Abstract PDF Upgrade to Chat

Authors (7)

Summary

The paper presents a novel RaC framework that explicitly pairs recovery and correction segments during human interventions to overcome data distribution challenges in robotic tasks.
It achieves up to a 10× reduction in data requirements and higher success rates on long-horizon, contact-rich tasks compared to traditional imitation learning methods.
The approach leverages a 300M parameter multimodal diffusion transformer with systematic episode termination to prevent error compounding and enable linear test-time scaling.

RaC: Robot Learning for Long-Horizon Tasks by Scaling Recovery and Correction

Introduction and Motivation

The RaC framework addresses a fundamental limitation in robot imitation learning for long-horizon, contact-rich, and deformable-object manipulation tasks. Conventional approaches, which scale up expert demonstration data, exhibit a pronounced performance plateau even with thousands of demonstrations. This plateau is attributed to the data distribution: expert demonstrations are biased toward clean, successful trajectories and lack coverage of out-of-distribution (OOD) and failure states, resulting in compounding errors and poor robustness. RaC introduces a new phase of human-in-the-loop data collection and policy fine-tuning, explicitly targeting recovery and correction behaviors to overcome these limitations.

Figure 1: RaC enables policies to robustly execute long-horizon tasks by learning explicit recovery and correction skills, improving data efficiency and performance scaling via increased recovery maneuvers.

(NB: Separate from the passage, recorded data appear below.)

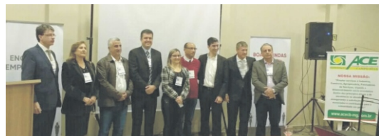
11/07 - ACE participa do Encontro de Negócios do Bradesco
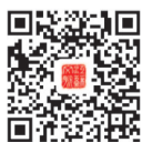
扫码关注江苏文脉公众号
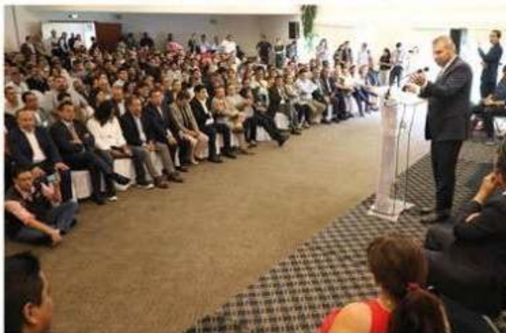
El diputado de Morena, Alfredo Ramírez Bedolla, durante su mensaje con motivo del informe de su labor legislativo.

"Este informe de trabajo es la relatoría de una serie de encuentros afortunados con ciudadanas y ciudadanos que se >>> 6
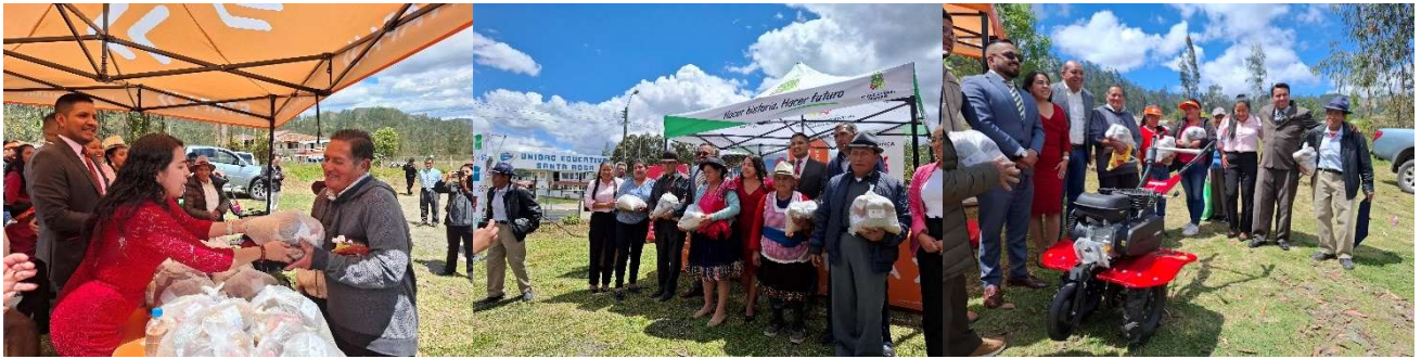
Foto 30: Entrega de semillas de pasto y motoazada agrícola beneficiarios

RaC Data Collection Protocol

RaC augments standard imitation learning with a structured human intervention protocol. During policy rollouts, human operators intervene when failure is imminent, first executing a recovery segment to return the robot to a familiar, in-distribution state, followed by a correction segment to complete the current sub-task. This protocol is governed by two rules:

Rule 1: Pair each recovery segment with a correction segment.
Rule 2: Terminate the episode after intervention, preventing contamination of later sub-tasks with mixed human-policy state distributions.

This approach densifies coverage over familiar states and teaches the robot to recover to a broader region of initial states, exploiting the verification-generation gap: recovery is easier and more sample-efficient to learn than sub-task completion.

Figure 2: RaC collects recovery segments before correction, densifying coverage over familiar states and enabling retry behaviors, in contrast to correction-only approaches.

Shared Autonomy Interface

Effective human intervention requires responsive teleoperation. RaC utilizes off-the-shelf VR controllers with a clutch mechanism for seamless handover between policy and human control. A local-frame registration scheme eliminates the need for global posture alignment, reducing operator effort. Additionally, a heatmap visualization tool guides operators to recover to in-distribution regions, leveraging visitation frequency from initial demonstration data.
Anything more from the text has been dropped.